Data for review:
• • • • •
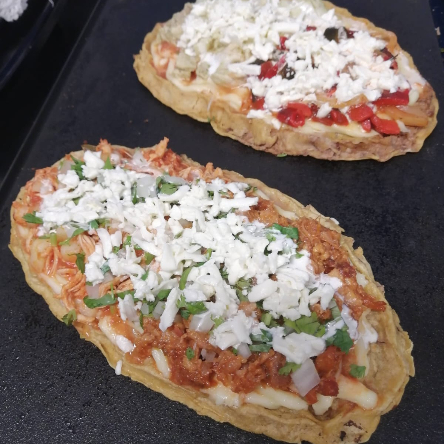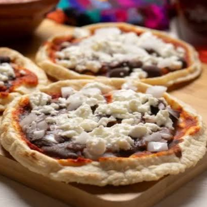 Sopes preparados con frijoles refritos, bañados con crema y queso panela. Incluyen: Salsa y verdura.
• • • • •
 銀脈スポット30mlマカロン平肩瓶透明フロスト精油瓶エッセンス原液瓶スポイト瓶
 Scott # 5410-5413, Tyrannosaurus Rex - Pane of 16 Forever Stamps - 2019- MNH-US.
• • • • •
Problem details: In the records above, find the line with "銀脈スポット30mlマカロン平肩瓶透明フロスト精油瓶エッセンス原液瓶スポイト瓶"; write out exactly that line and each one after it, stopping after the line with "Scott # 5410-5413, Tyrannosaurus".

Answer to the exercise:
 銀脈スポット30mlマカロン平肩瓶透明フロスト精油瓶エッセンス原液瓶スポイト瓶
 Scott # 5410-5413, Tyrannosaurus Rex - Pane of 16 Forever Stamps - 2019- MNH-US.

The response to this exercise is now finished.